Dans un contexte de fractures sociales et territoriales, de débat public atrophié et de défiance généralisée, nous considérons que nous avons une responsabilité particulière. Non pas pour ajouter un plaidoyer de plus à ceux que nous produisons déjà sur les lois de finances ou de financement de la Sécurité sociale, mais pour créer un espace où les Françaises et les Français peuvent reprendre la parole sur la santé et la protection sociale.
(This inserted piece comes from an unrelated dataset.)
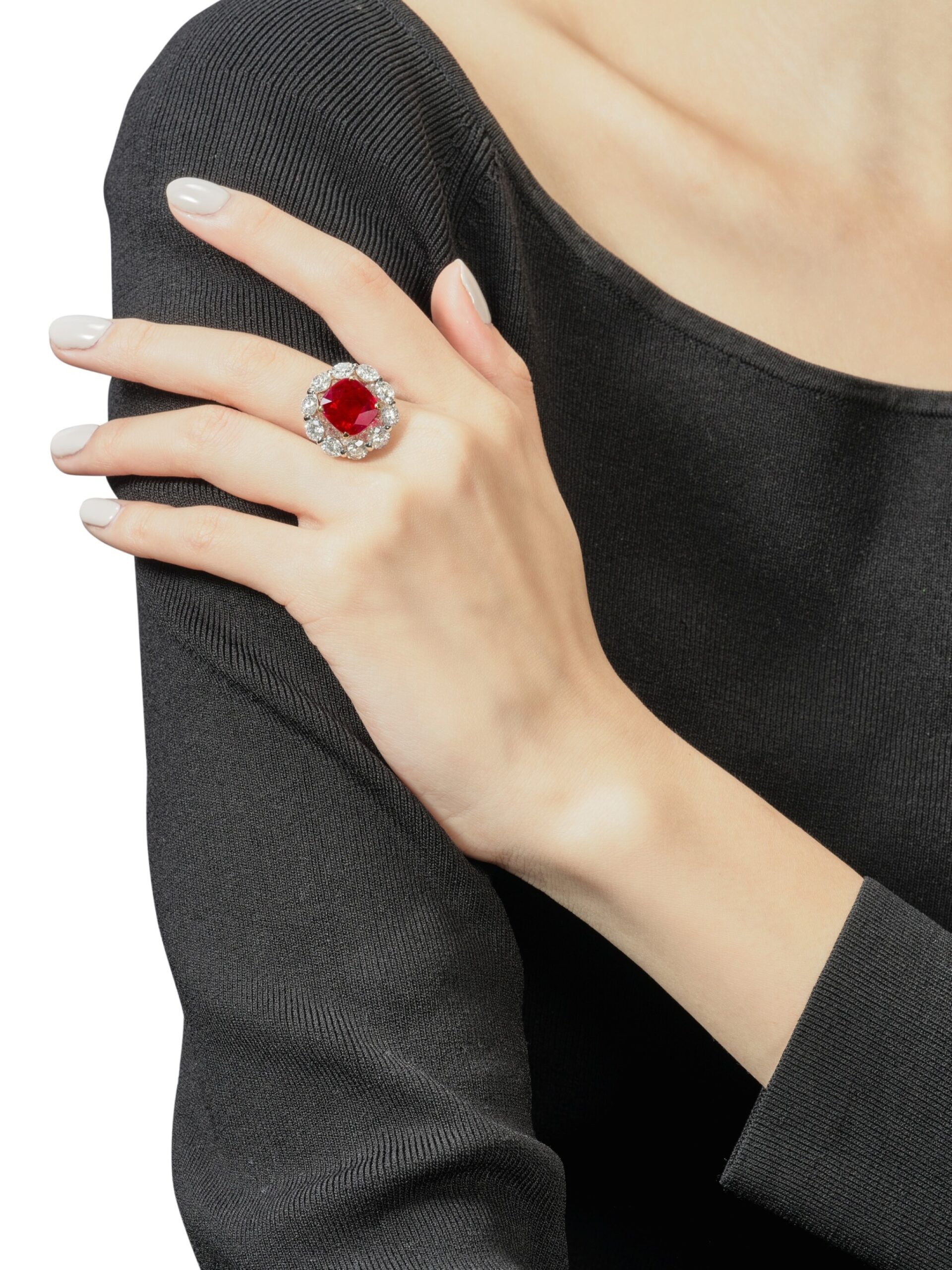 Only then are individual seats cut, claws thinned and contoured, and the inner band shaped to follow the hand’s natural curve, so approximately 8 carats of Ruby Red brilliance feels calm, centred and secure. It is this combination of invisible engineering and visible ease that marks the piece as true high jewelry rather than simple ornament.

Notre légitimité, c’est à la fois l’expérience de terrain et la capacité à organiser ce débat de manière structurée.
Vous parlez d’une « non-effectivité des droits ». Quel est, pour vous, le symptôme le plus criant de la crise actuelle ?
D.G. : Sur le papier, notre modèle est remarquablement protecteur : chacun a droit à une consultation, à un accompagnement en cas de handicap ou de perte d’autonomie, à des services à domicile… Mais, dans les faits, ce droit n’est pas toujours effectif.
Très concrètement, dans les réseaux que je préside, des directrices et directeurs d’établissements ou de services me disent : « On a une notification d’heures d’aide à domicile, mais on ne peut pas intervenir : nous n’avons ni les moyens financiers, ni les professionnels ». Même chose pour l’accueil en structure handicap, pour l’accès à un EHPAD dans certains territoires.
Ce décalage entre le droit théorique et la réalité vécue est profondément destructeur pour la société. Il nourrit la colère et la perte de confiance dans les institutions, et il s’ajoute à une crise plus large du fonctionnement des services publics. Nous devons l’entendre et l’écouter. Et recueillir toutes les suggestions et propositions pour y remédier.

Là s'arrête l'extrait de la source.